## What to produce:
What's needed is an exact copy of the lines from the one that contains "پک 12 تایی رژ" to the end of the data below, leaving the pictures out.

## Provided data:
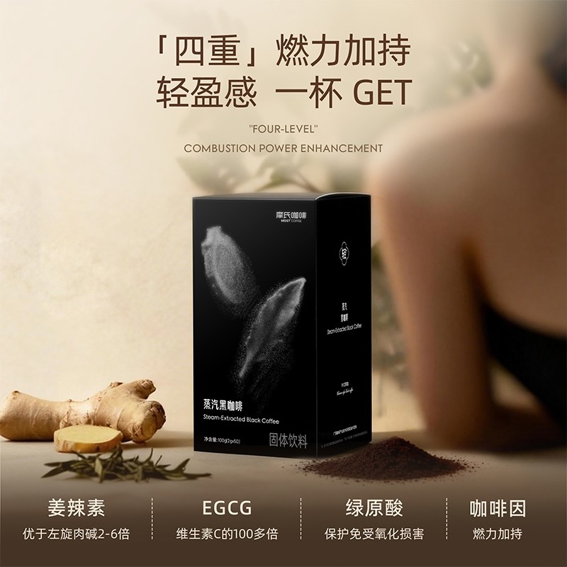 摩氏蒸汽黑咖啡燃特浓学生上班族防困提神健身0蔗糖0脂肪速溶黑咖
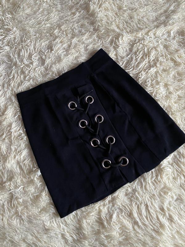 Міні-спідниця в ідеальній якості, в маленький рубчик тягнеться, на бірці розмір L, але підійде на розмір XS-S, більше дивитись по замірах: Довжина 37см Талія 32 см (тягнеться до 40 см) Бедра 40см (тягнеться +5см)
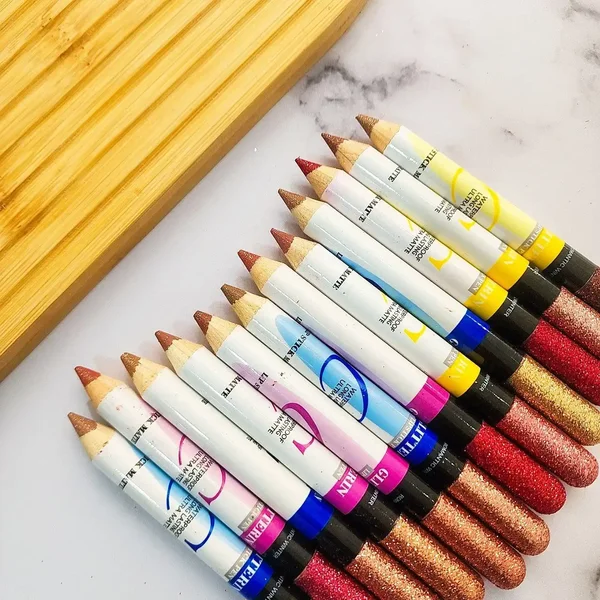 پک 12 تایی رژ لب و سایه چشم مدادی شاین دار ضد آب با ماندگاری بالا کد 2339
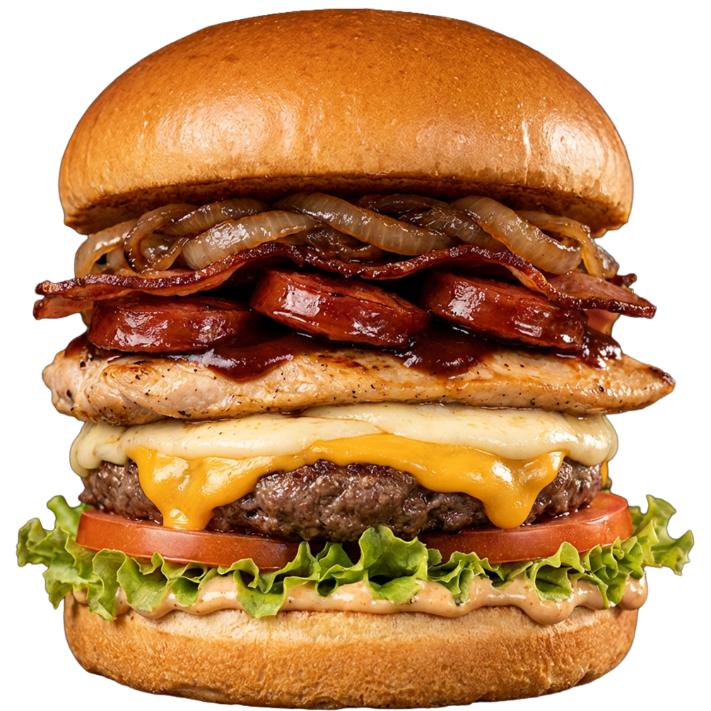 Pan brioche con 150g de carne artesanal, mozzarella, cheddar, filete de pechuga, chorizo en salsa BBQ, tocineta, cebolla caramelizada, lechuga, tomate y salsas de la casa. Incluye papas rĂºsticas.
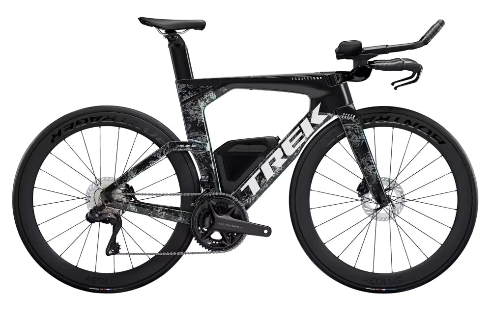 This bicycle has a frame made of the incredibly light OCLV carbon 800 series, disc brakes for excellent stopping power, a saddle for a high aerodynamic position, a Speed Concept full foil carbon fork, IsoSpeed for smooth driving, and a 12-speed wireless electronic shifting Shimano Ultegra Di2 drivetrain. This bike also has aerodynamic Bontrager wheels and integrated food and water storage.
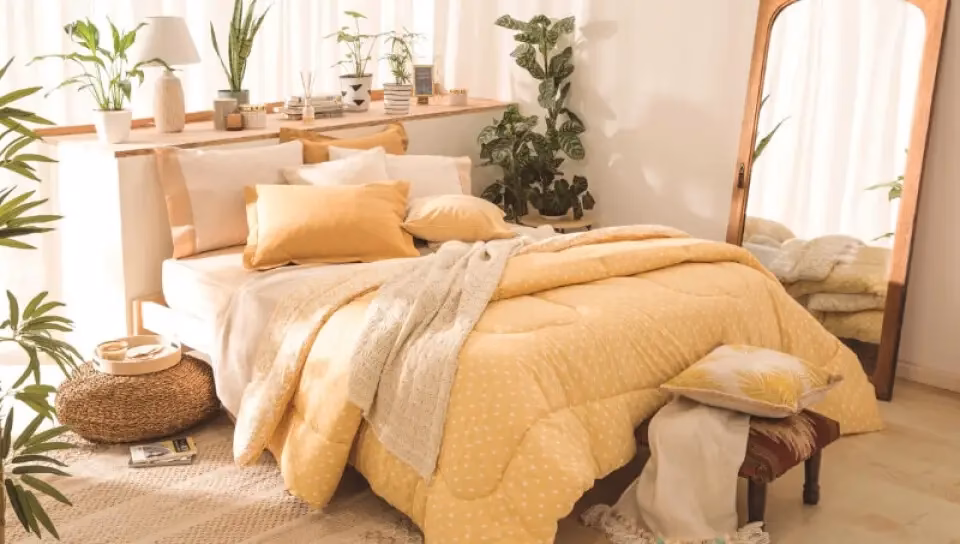 - Cubrecamas y Quilts: Opciones más ligeras que los acolchados, perfectas para climas templados o como capa decorativa. Aportan textura y color a la cama.

## Solution to this problem:
 پک 12 تایی رژ لب و سایه چشم مدادی شاین دار ضد آب با ماندگاری بالا کد 2339
 Pan brioche con 150g de carne artesanal, mozzarella, cheddar, filete de pechuga, chorizo en salsa BBQ, tocineta, cebolla caramelizada, lechuga, tomate y salsas de la casa. Incluye papas rĂºsticas.
 This bicycle has a frame made of the incredibly light OCLV carbon 800 series, disc brakes for excellent stopping power, a saddle for a high aerodynamic position, a Speed Concept full foil carbon fork, IsoSpeed for smooth driving, and a 12-speed wireless electronic shifting Shimano Ultegra Di2 drivetrain. This bike also has aerodynamic Bontrager wheels and integrated food and water storage.
 - Cubrecamas y Quilts: Opciones más ligeras que los acolchados, perfectas para climas templados o como capa decorativa. Aportan textura y color a la cama.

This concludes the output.